Powieszenie rzeźby Papieża to wolność słowa.
Powieszenie zdjęć europosłów to zbrodnia nienawiści.
Wystawienie Politycznych Aktów Zgonu to mowa nienawiści. Mimo, że nie ma w nich ani słowa nawiązującego do przemocy . Ot MW uznaje, że dany polityk dla nich nie żyje. MW nie jest tu oryginalna bo kopiuje postępowanie ortodoksyjnych Żydów. Gdy ich dorosłe dziecko zwiąże się z gojem lub gojką odmawiają w ich intencji Kadisz i uznają, że są martwi. Znaczy dzieci.
Zbiórka pieniędzy na zabójstwo Kaczora to wolność słowa.
Rozbita przez pijaczka szyba w synagodze w Gdańsku to zbrodnia nienawiści.
Rozbijane szyby w dziesiątkach polskich kościołów katolickich to…… nic. A opluwanie Kościoła Katolickiego na portalach czy w wystąpieniach polityków nie ma na to wpływu.

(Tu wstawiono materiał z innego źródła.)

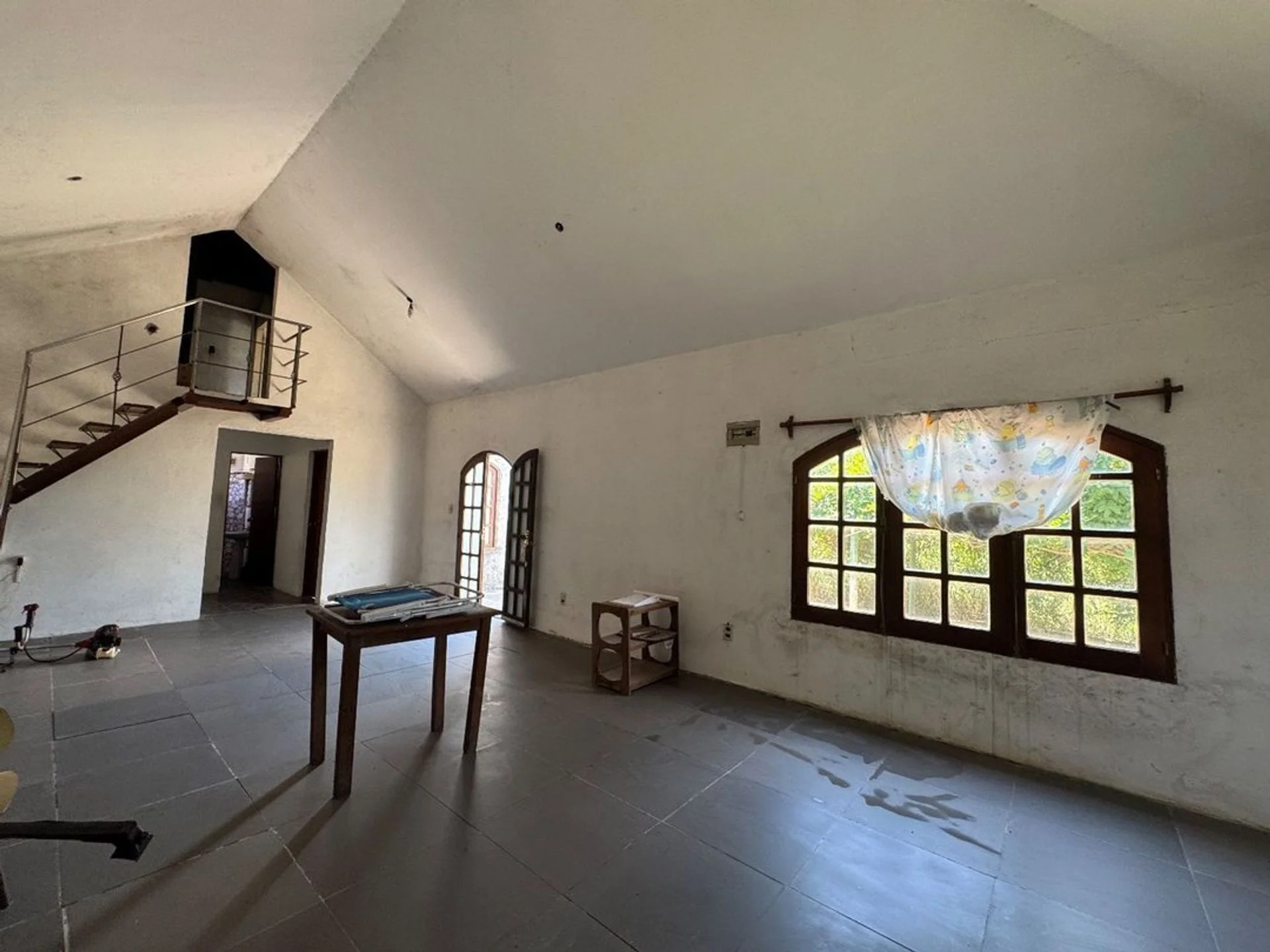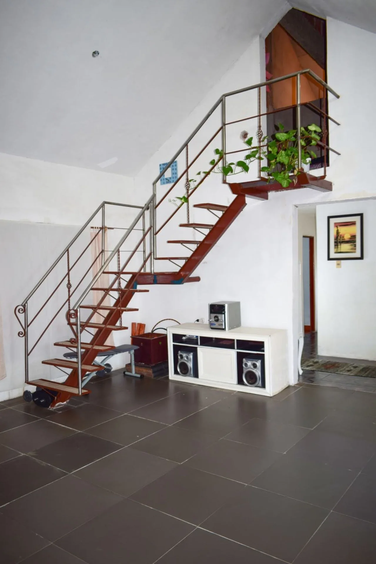- Escalera metálica de estilo moderno que conecta con la planta superior.

Stwierdzenie faktu, że pośród pedofilów jest nad reprezentacja homoseksualistów to mowa nienawiści
Wyzywanie księży katolickich od pedofilów to wolność słowa.
Podobno mówienie w TVP o przekrętach śp. Adamowicza spowodowało, że psychicznie chory człowiek który się tego naoglądał, go zamordował…….

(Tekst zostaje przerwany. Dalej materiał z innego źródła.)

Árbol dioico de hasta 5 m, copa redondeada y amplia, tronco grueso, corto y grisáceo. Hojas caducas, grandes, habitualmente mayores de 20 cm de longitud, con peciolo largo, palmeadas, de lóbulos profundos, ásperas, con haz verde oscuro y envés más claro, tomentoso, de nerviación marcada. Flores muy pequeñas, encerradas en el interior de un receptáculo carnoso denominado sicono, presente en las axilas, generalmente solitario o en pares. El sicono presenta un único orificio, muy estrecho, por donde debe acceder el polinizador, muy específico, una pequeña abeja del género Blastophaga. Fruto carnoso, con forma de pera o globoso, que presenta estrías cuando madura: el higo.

Według tych samych ludzi oglądanie pornografii, łatwość dostępu do niej nie ma wpływu na ilość gwałtów. Wręcz zboczeniec czy psychicznie chory człowiek jak się naogląda pornoli w tym gwałtów kończących się orgazmem kobiety nie będzie gwałcił…… rozładuje się.
Jak śmiesz moją lewicową wolność słowa porównywać z twoją prawicową mową nienawiści.